SUPPLIED MATERIAL:
★ ★ ★ ★

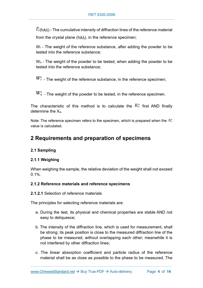 YB/T 5320-2006: Metal materials - Quantitative phase analysis - Value K method of X-ray diffraction---This is an excerpt. Full copy of true-PDF in English version (including equations, symbols, images, flow-chart, tables, and figures etc.), auto-downloaded/delivered in 9 seconds, can be purchased online: https://www.ChineseStandard.net/PDF.aspx/YBT5320-2006 YB FERROUS METALLURGY INDUSTRY STANDARD (Adjusted from GB/T 5225-1985) Metal materials - Quantitative phase analysis - "Value K" method of X-ray diffraction Issued on. JULY 27, 2006 Implemented on. OCTOBER 11, 2006 Issued by. National Development and Reform Commission of PRC Table of Contents1 Principles... 3 2 Requirements and preparation of specimens... 4 3 Test instruments and test conditions... 6 4 Test procedure and result calculation... 7 Appendix A (Supplementary)... 9 Appendix B (Supplementary)... 12 Additional information... 14 Metal materials - Quantitative phase analysis - "Value K" method of X-ray diffraction This standard applies to the measurement of phase content in polycrystalline powders of metallic materials. It can also be used as a reference for quantitative phase analysis of polycrystalline powder specimens of other materials.1 PrinciplesThe X-ray diffraction pattern of a phase is a characterization of the crystal structure of the phase. When using the K value method to perform X-ray diffraction quantitative analysis on a multiphase specimen, the cumulative intensity of a phase’s diffraction line AND the content of the phase in the specimen have the relationship of formulas (1) and (2) (see Appendix A for derivation). Where. Xa - The weight content of the α phase in the powder to be tested; - The constant of proportionality. For the same radiation, the constant is related to the αphase to be tested AND the reference substance; Ia(hikili) - The cumulative intensity of diffraction lines of α phase on the (hikili) crystal plane, after adding the reference substance to the powder to be tested; Ir(hjkjlj) - The cumulative intensity of diffraction lines of the reference material on the crystal plane (hjkjlj), after adding the reference substance to the powder to be tested; (hikili) - The cumulative intensity of diffraction lines of the α phase on the crystal plane (hikili), in the reference specimen; (hjkjlj) - The cumulative intensity of diffraction lines of the reference material from the crystal plane (hjkjlj), in the reference specimen; Wr - The weight of the reference substance, after adding the powder to be tested into the reference substance; Wo - The weight of the powder to be tested, when adding the powder to be tested into the reference substance; - The weight of the reference substance, in the reference specimen; - The weight of the powder to be tested, in the reference specimen. The characteristic of this method is to calculate the first AND finally determine the Xa. Note. The reference specimen refers to the specimen, which is prepared when the value is calculated.2 Requirements and preparation of specimens2.1 Sampling 2.1.1 Weighing When weighing the sample, the relative deviation of the weight shall not exceed 0.1%. 2.1.2 Reference materials and reference specimens 2.1.2.1 Selection of reference materials The principles for selecting reference materials are. 2.1.2.2 The linear absorption coefficient and particle radius of the reference material and the phase to be measured shall satisfy the formula (3). 2.1.2.3 When calculating the value, the recommended ratio of the reference specimen, which is formed by mixing the pure reference material and the pure phase to be measured, is as follows. When the cumulative intensity of the measured diffraction lines of the reference material and the phase to be measured differ greatly, it shall change the ratio, to increase the cumulative intensity of the weak diffraction lines. 2.1.4 Mixing of sample Use an agate mortar to grind the powders, which are prepared in 2.1.2.3 and 2.1.2.4, for 30 ~ 40 minutes; mix well. 2.2 Preparation of specimens 2.2.1 Size and thickness of reference specimen and mixed specimen In any selected diffraction position, the X-ray's irradiation area shall not exceed the surface area of the specimen. The thickness of the specimen shall satisfy formula (4). 2.2.2 Sample preparation 2.2.2.1 Use a commonly used specimen frame. Place a piece of about No.300 metallographic sandpaper, which is larger than the frame, under the frame (corresponding rough ground glass can also be used). 2.2.2.2 Pour the ground mixed powder into the specimen frame. Compact vertically to shape it. 2.2.2.3 Turn the pressed specimen over at an angle of 180°. Remove the sandpaper. Use the surface of the specimen, which is in contact with the sandpaper (or ground glass), as the test surface.3 Test instruments and test conditions3.1 Diffractometer The overall stability of the diffractometer1 is better than 1%. 3.2 Test conditions 3.3 Requirements for diffraction peak shape The peak height shall be 4 times larger than the fluctuation range of the background; The peak height should be about 4 times the half-height width.4 Test procedure and result calculationBefore the quantitative determination, the intensity of the diffraction lines of the reference specimen and the mixed specimen shall first be calibrated with the JCPDS standard card, to check whether the reference material and the phase to be measured have a preferred orientation. 4.1 Determination of value of reference specimen 4.1.1 To calculate the pure phase to be measured of the value, it shall first carry out qualitative analysis of the X-ray diffraction line, to check the purity; there shall be no impurity diffraction lines. 4.1.2 For the pure reference material selected according to 2.1.2, it shall check its purity according to 4.1.1. 4.1.7 Calculate value according to formula (2). 4.2 Determination of the content of the phase to be measured 4.2.1 According to 2.1.2.4, add a reference substance to the powder to 
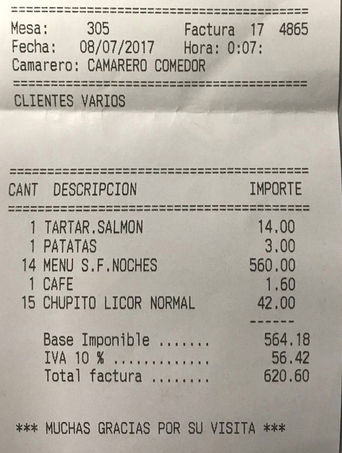 Los hechos ocurrieron en un restaurante del ensanche pamplonés. La cuenta de la cena ascendía a 620,60 euros e incluía catorce menús (560 euros), un tartar de salmón (14 euros), una ración de patatas (3 euros), un café (1,60 euros) y quince chupitos (42 euros).
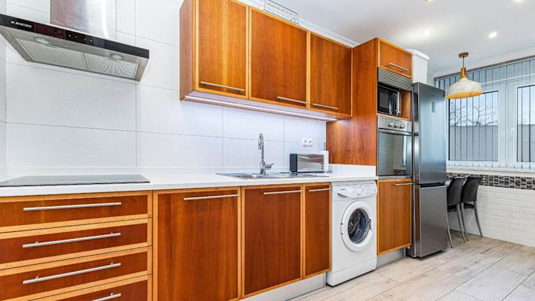 Die Ferienwohnung verfügt über 2 Schlafzimmer, eine Küche mit Kühlschrank und Ofen sowie ein Badezimmer mit Dusche, Haartrockner und Waschmaschine. Handtücher und Bettwäsche sind ebenfalls vorhanden.
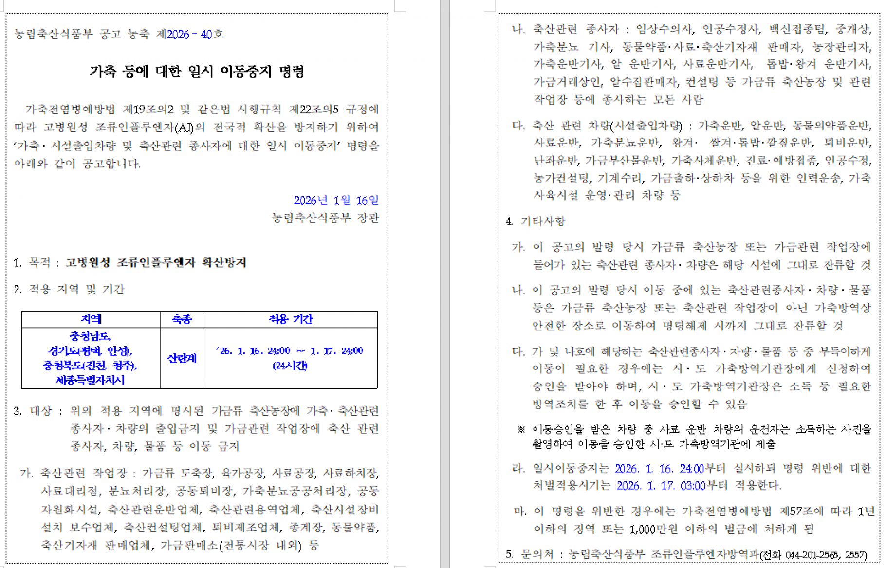 가축(산란계) 등에 대한 일시 이동중지(Standstill) 명령 발령 알림

★ ★ ★ ★

ASSIGNED TASK: Transcribe word for word only the lines from the one with "Los hechos ocurrieron" through the end of the listing; every picture is to be omitted.

ANSWER SPACE:
 Los hechos ocurrieron en un restaurante del ensanche pamplonés. La cuenta de la cena ascendía a 620,60 euros e incluía catorce menús (560 euros), un tartar de salmón (14 euros), una ración de patatas (3 euros), un café (1,60 euros) y quince chupitos (42 euros).
 Die Ferienwohnung verfügt über 2 Schlafzimmer, eine Küche mit Kühlschrank und Ofen sowie ein Badezimmer mit Dusche, Haartrockner und Waschmaschine. Handtücher und Bettwäsche sind ebenfalls vorhanden.
 가축(산란계) 등에 대한 일시 이동중지(Standstill) 명령 발령 알림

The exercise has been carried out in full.